Arthur Knick grave in the Südfriedhof in Leipzig

Life

The son of an official had attended holy spirit school and high school in his hometown. He graduated from 1902 with a degree in medicine at the University of Breslau , which he graduated in 1907 with very good results. He then worked as a physician in the internal medicine department of Allerheiligenhospitals and was established in 1908 with the work over the histology of secondary degeneration in the spinal cord (Breslau 1908) to Dr. med. PhD.

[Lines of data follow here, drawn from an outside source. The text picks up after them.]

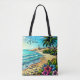 Aloha! Pretty tropical coastal shoreline. Pretty blue water, palm trees, tropical flowers and a lighthouse in the background. Ai art done in a comic book pop art style.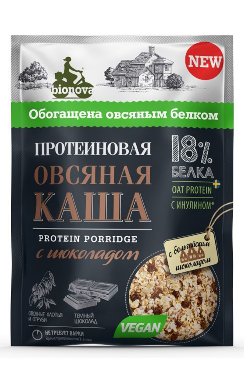 Натуральная протеиновая овсяная каша Bionova® с шоколадом без добавления сахара, содержит 18 % белка, медленные (правильные) углеводы и пищевые волокна, в том числе инулин, поэтому она надолго придает чувство сытости, наполняя организм энергией и поддерживая аминокислотный баланс на протяжении длительного периода времени.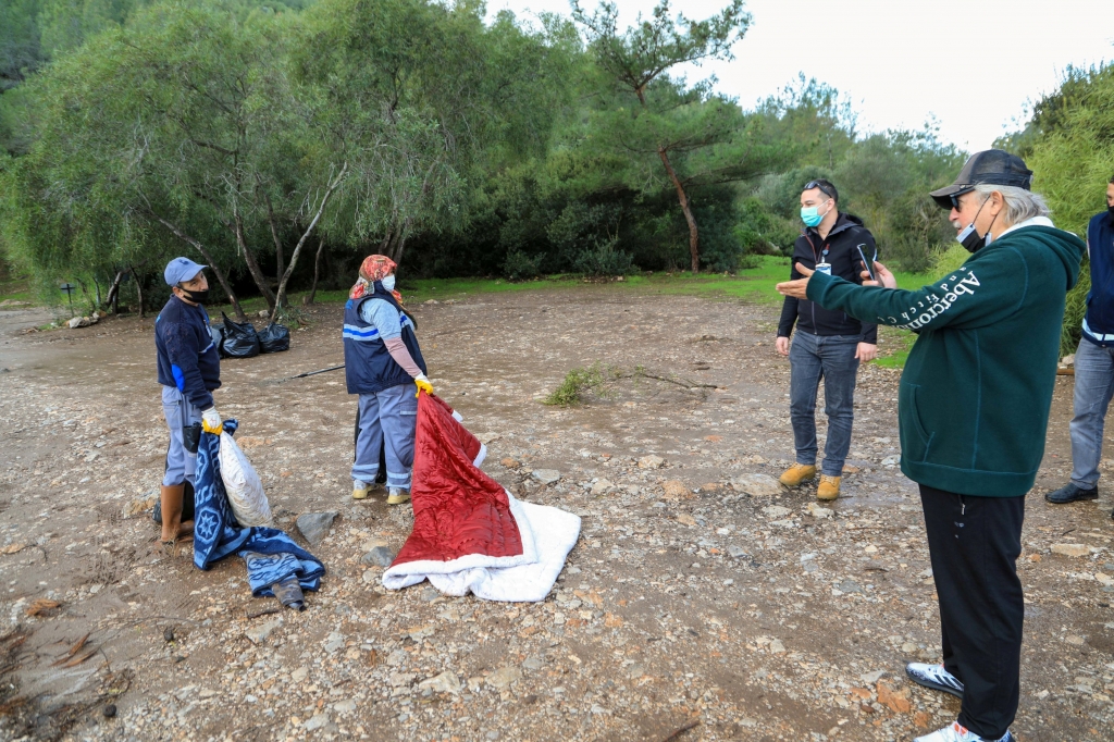 Bodrum Belediyesi Temizlik İşleri Müdürlüğü tarafından, Cennet Koyu’nda kıyı temizliği gerçekleştirildi. Yağan yağmura aldırış etmeden çalışan ekiplere, gazeteci Kenan Erçetingöz de destek verdi. Toplanan atıklar arasında yorgan, yastık ve battaniye gibi eşyaların da bulunması dikkat çekti. Doğaya gelişigüzel atılmış birçok maske ve atık görevliler tarafından toplandı.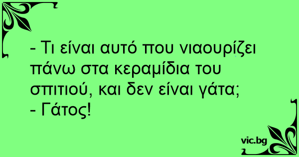- Τι είναι αυτό που νιαουρίζει πάνω στα κεραμίδια του σπιτιού, και δεν είναι γάτα;

Knick became an assistant doctor at the University Ear Clinic in Leipzig in 1909 and his habilitation took place in 1912 with the subject of pathological histology of the ear labyrinth after cutting through the acoustic nerve (Leipzig 1912) at the University of Leipzig . He then became a private lecturer in ear, nose and throat diseases. Knick soon rose to senior physician at the Leipzig University Clinic. From 1914 he completed his military service in the medical service during the First World War and returned to Leipzig in 1919, where he became an associate professor for ear, nose and throat diseases at the Medical Faculty of the Leipzig University.

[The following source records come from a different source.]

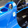 公道を走行するため、もちろんナンバー付き。車両法をクリアするための改造が施されている。地上最低高は90mmが確保されているほか、ヘッドライトの横やボディサイドにはウインカーも追加されている。一般的なラジアルタイヤに換装され保護用のフェンダーを装着。とはいってもコクピットはフォーミュラーマシンそのもので、MOMO製の脱着可能な小径ステアリングイールやレイナード製のトランスミッションはベース車そのままだという。公道仕様のためフォーミュラーマシンと聞いて想像するような爆音はなく、思いのほかエンジン音は控えめだ。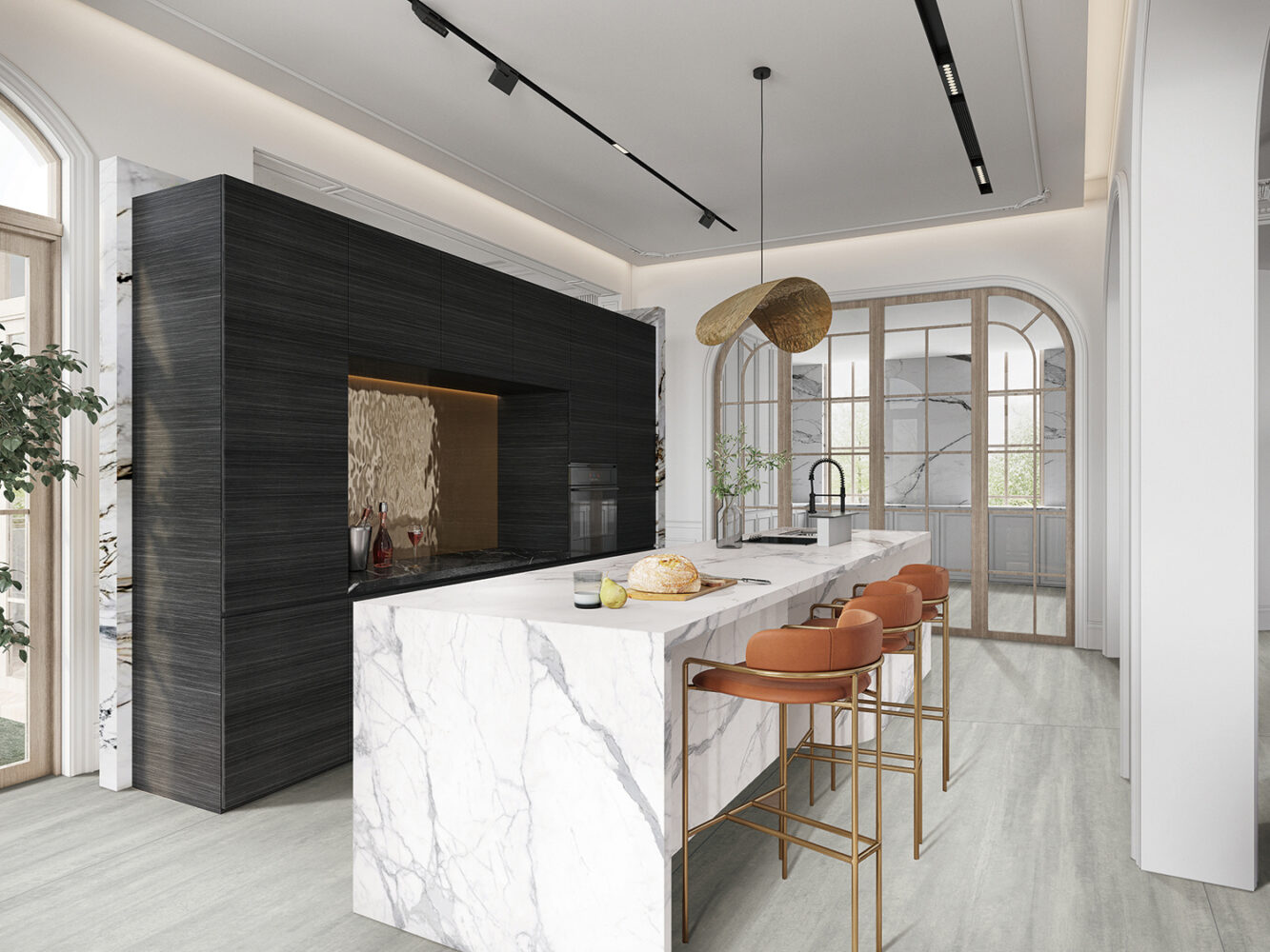 Experience the elegance of a pure white background adorned with dynamic grey veining. From bold, dramatic strokes accent by heavier tones to subtle wisps of soft greys delicately etched into the backdrop, our design offers a reined and versatile aesthetic.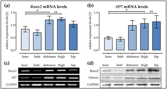 The expression of Runx2 and SP7 in Ad-MSCs varies depending on the donor site. Ad-MSCs derived from adipose tissue of the knee, limb, abdomen, thigh, and hip (N = 4 each) were osteogenically differentiated for 14 days. The relative expression levels of (a) Runx2 and (b) SP7 were determined by semi-quantitative RT-PCR. The PCR products were loaded twice (n = 2) to minimize the loading errors. The signal intensities were quantified with the help of the ImageJ software; (c) Representative images for the RT-PCR products from the pooled samples; (d) Representative images for the Western blot signals obtained from the pooled samples; * p < 0.05 and ** p < 0.01 as indicated.
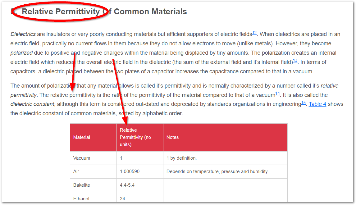 Changed the references to dielectric constant to relative permittivity, as the former term has been deprecated (mostly on the Capacitors page).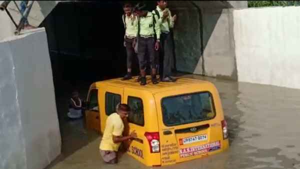 कुशीनगर: पानी से भरे अंडरपास के नीचे फंसी स्कूल वैन, ग्रामीणों की सूझबूझ से बची बच्चों की जान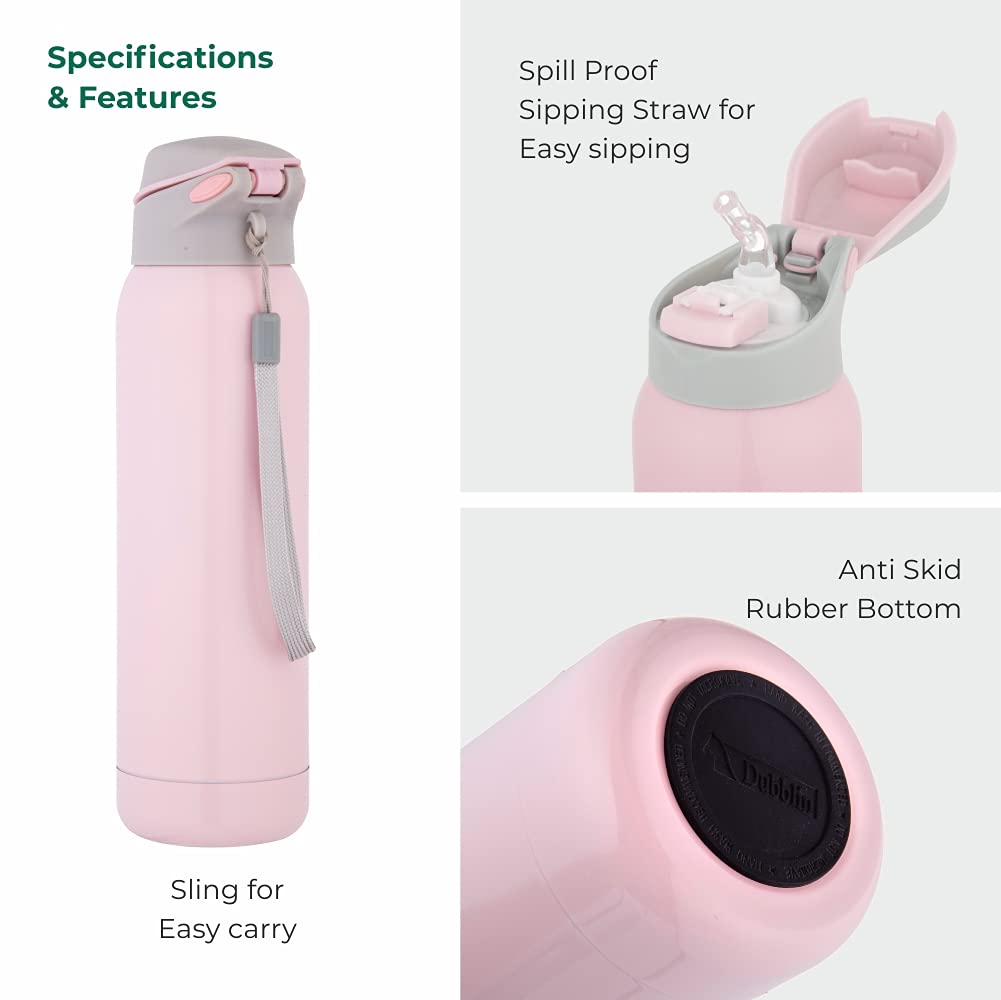 About this item Material: Stainless steel 304 grade; Insulation Type: Double Wall Vacuum Insulated Water Bottle Capacity -450 ML, Inner and Outer side of Bottle is Made from 304 Grade Steel Which is Rust Free and 100% Food Grade. Vacuum Insulation Technology Locks in Temperature to Preserve Flavor and Freshness to Keep Beverages Cold for up to 12 Hours and Hot upto 6 Hours. Perfect Size, Easy to carry , Condensation free and Leak Proof Lid. Sling for easy carry, Spill proof with sipping straw and Anti-Skid Bottom. BPA-Free & Toxin Free -Easy to Clean -Use Mild Soap for cleaning the Flask and advised to be kept open when not in use to avoid odor Ideal Usage: Used for Outdoor Sports, Gym, Work Trip, Home, Office, Home, School, Travel, Trekking, and in All kinds of Sports Activities.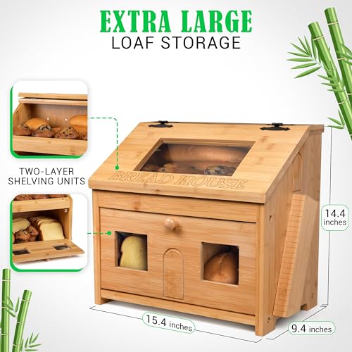 3J2 Discoveries - Bread Box for Kitchen Countertop – Large Wooden Bamboo Bread Box with Cutting Board (SELF-ASSEMBLY)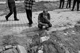 Akcakale, Turkey, 2019. A man mourns near the grave during a...

After he had set up a private specialist outpatient clinic, the "Knicksche Klinik" at Emilienstraße 14, in 1925, which served the university as a teaching institute, in 1937 he was appointed personal professor. Knick also took part in the organizational tasks of the Leipzig University. He was provisional dean of the medical faculty from 1935 to 1937 and was rector of the Leipzig alma mater from 1937 to 1940 . Knick let himself be dismissed from his rectorate post in 1940 to support the German military units on the Eastern Front as a field doctor . He suffered heart disease at the Battle of Stalingrad . When he returned to Leipzig, he took care of the injured in a reserve hospital near Leipzig, where he suffered another heart attack, which resulted in his death.

Act

Knicks main work is ear, nose, throat and larynx diseases. (Leipzig 1921). As a textbook, it became the standard work for generations of physicians and, after his death, saw 36 new editions, which were also translated into Spanish, Russian and Turkish.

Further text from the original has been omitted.